Human language processing relies on many kinds of linguistic knowledge, and is sensitive to their frequency, including lexical frequencies (Tyler, 1984; Salasoo & Pisoni, 1985; Marslen-Wilson, 1990; Zwitserlood, 1989; Simpson & Burgess, 1985), idiom frequencies (d'Arcais, 1993), phonological neighborhood frequencies (Luce, Pisoni, & Goldfinger, 1990), subcategorization frequencies (Trueswell, Tanenhaus, & Kello, 1993), and thematic role frequencies (Trueswell, Tanenhaus, & Garnsey, 1994; Garnsey, Pearlmutter, Myers, & Lotocky, 1997).

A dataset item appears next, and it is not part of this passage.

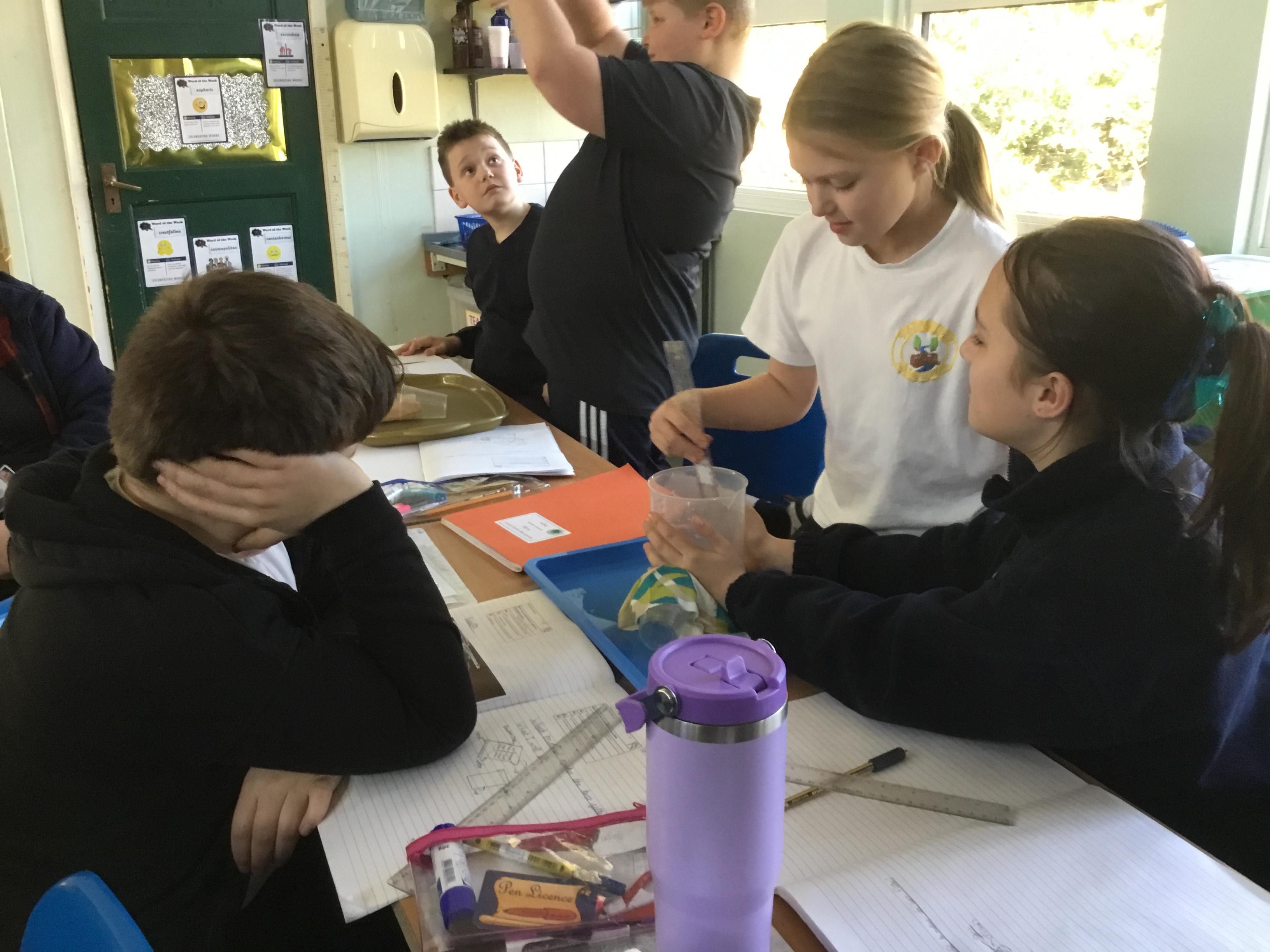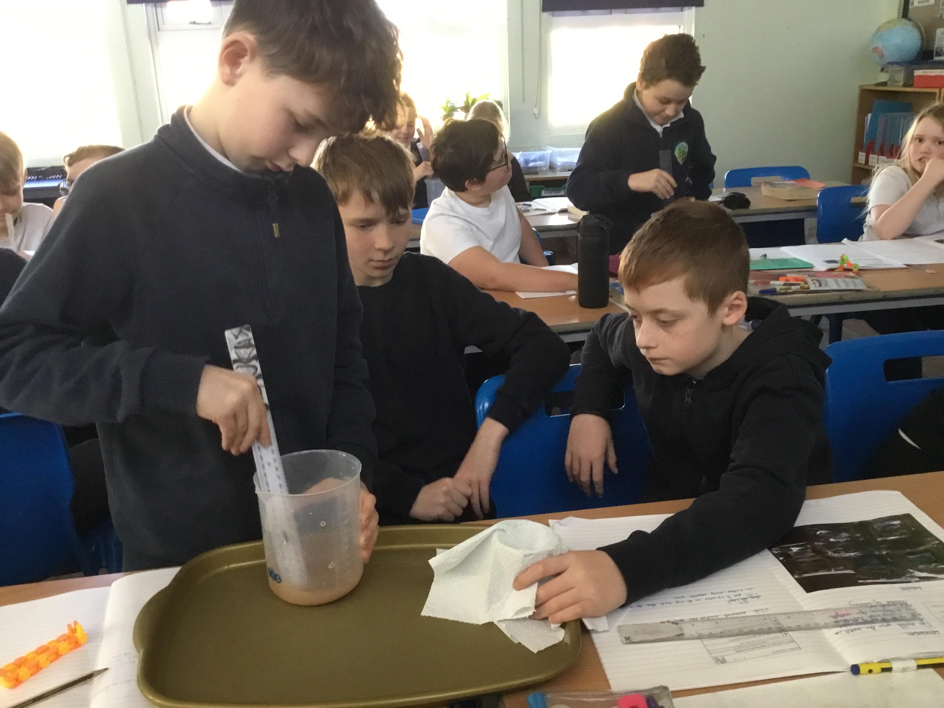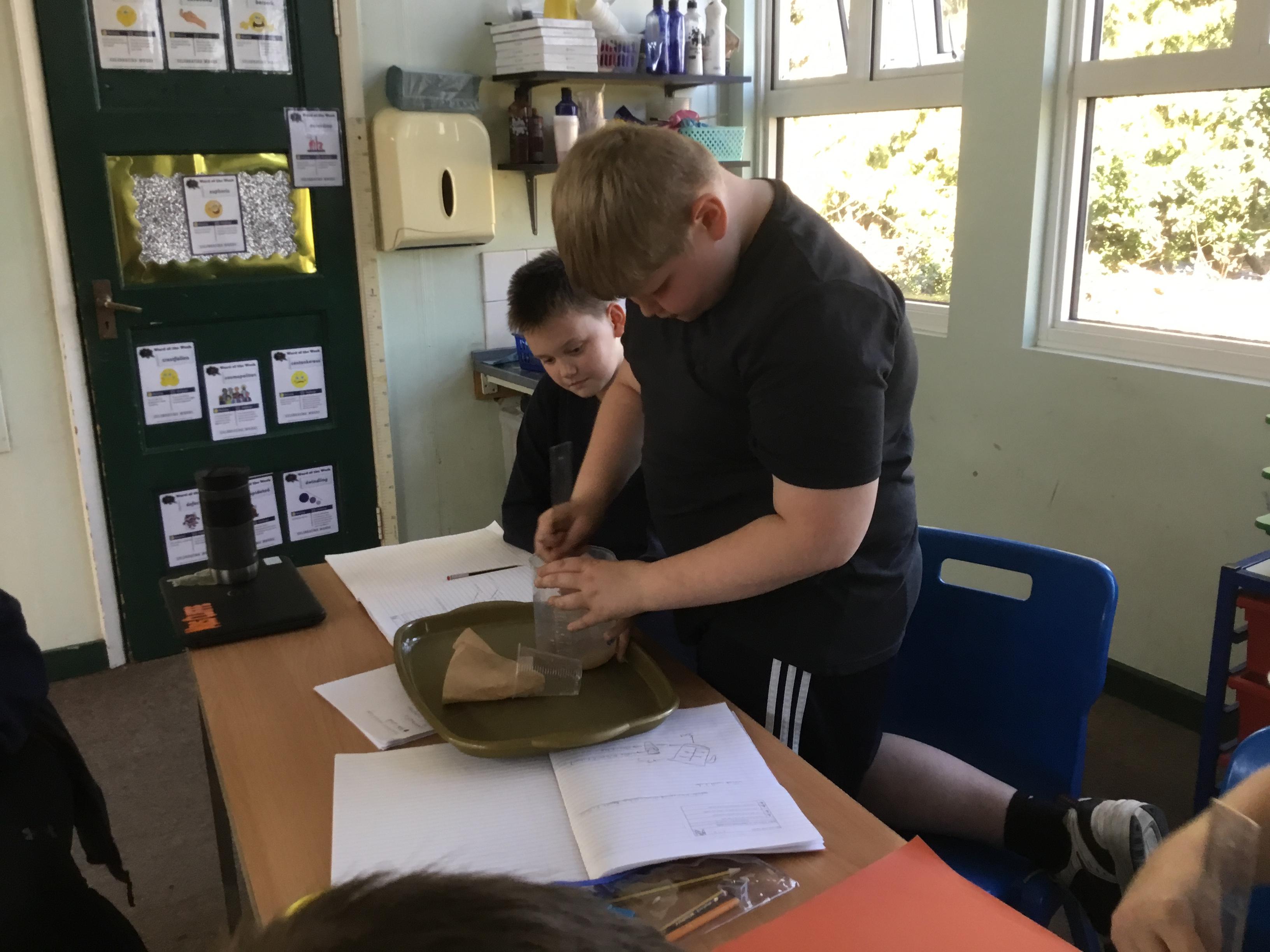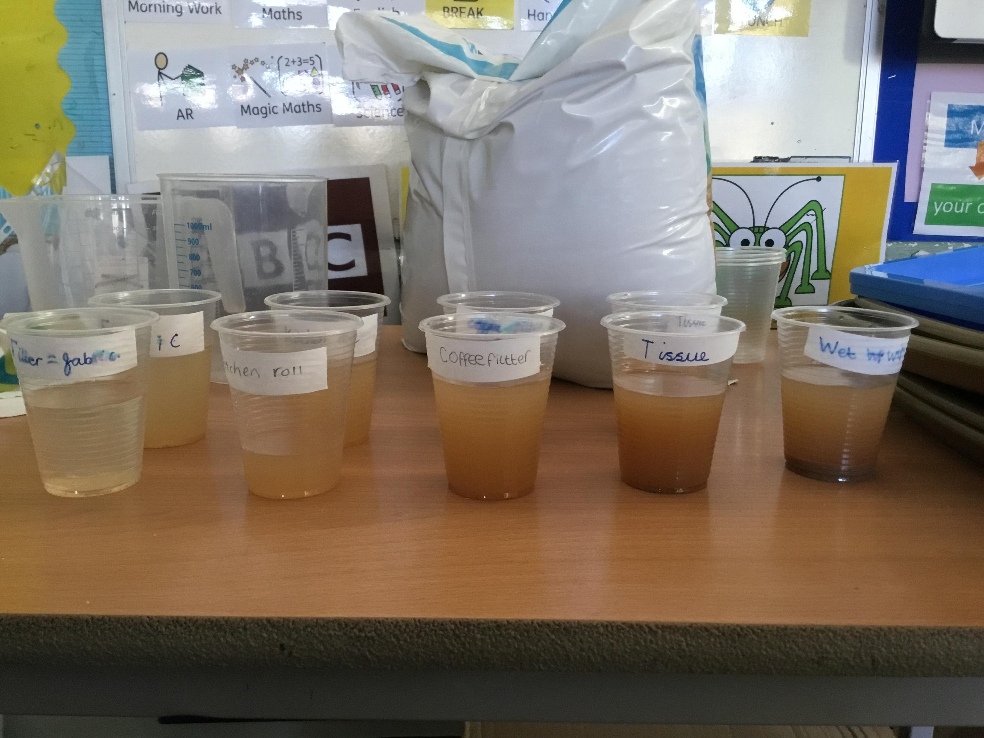 Tuesday 18th March - Enjoying a filtering experiment, finding out which material would be the best to filter micro- plastics in the oceans.

But while we know that each of these knowledge sources must be probabilistic, we know very little about exactly how these probabilistic knowledge sources are combined. This paper proposes the use of Bayesian decision trees in modeling the probabilistic, evidential nature of human sentence processing. Our method reifies conditional independence assertions implicit in
sign-based linguistic theories and describes interactions among features without requiring additional assumptions about modularity. We show that our Bayesian approach successfully models psycholinguistic results on evidence combination in human lexical, idiomatic, and syntactic/semantic processing.